Jr. Food Stores is a chain of convenience stores operating in south central Kentucky and northern Middle Tennessee, with approximately 41 retail locations. It is owned by Houchens Industries.

The chain is not related to Jr. Food Mart (founded 1960), which is an outgrowth of the now-defunct Jitney Jungle supermarket chain and continues to operate convenience stores in Alabama, Mississippi, and Louisiana, or the now-defunct Jr. Food Stores chain based in Panama City, Florida (founded 1961), which had locations in five Gulf Coast states and was sold in 1995.

==History==
Jr.
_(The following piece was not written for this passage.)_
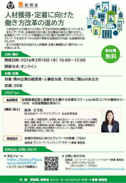 共催:群馬県、総務省テレワーク・ワンストップ・サポート事業事務局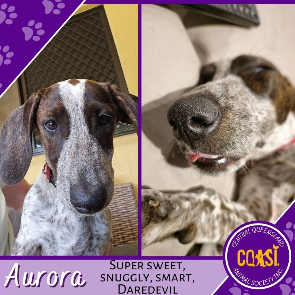 Hey! My name is Aurora and I am 6 months old. My foster mum has a couple of much bigger than me doggies but that doesn't stop me and I still play and run around with them but also snuggle in for snoozes.

Food Stores was founded in 1969 by Lester D. Reeves and the Reeves family of Bowling Green, Kentucky, who operated up to 9 larger supermarkets called Reeves Food Centers in and around their hometown. On June 2, 1984, after 30 years operation, the supermarkets were sold. Six were purchased by Reeves Food Centers, Inc. employees, Steve Riley, who was a vice president with the company, and David Huffman, a supervisor. The other 3 stores, located in Cave City, Greensburg and Munfordville, Kentucky, were sold to out-of-town investors.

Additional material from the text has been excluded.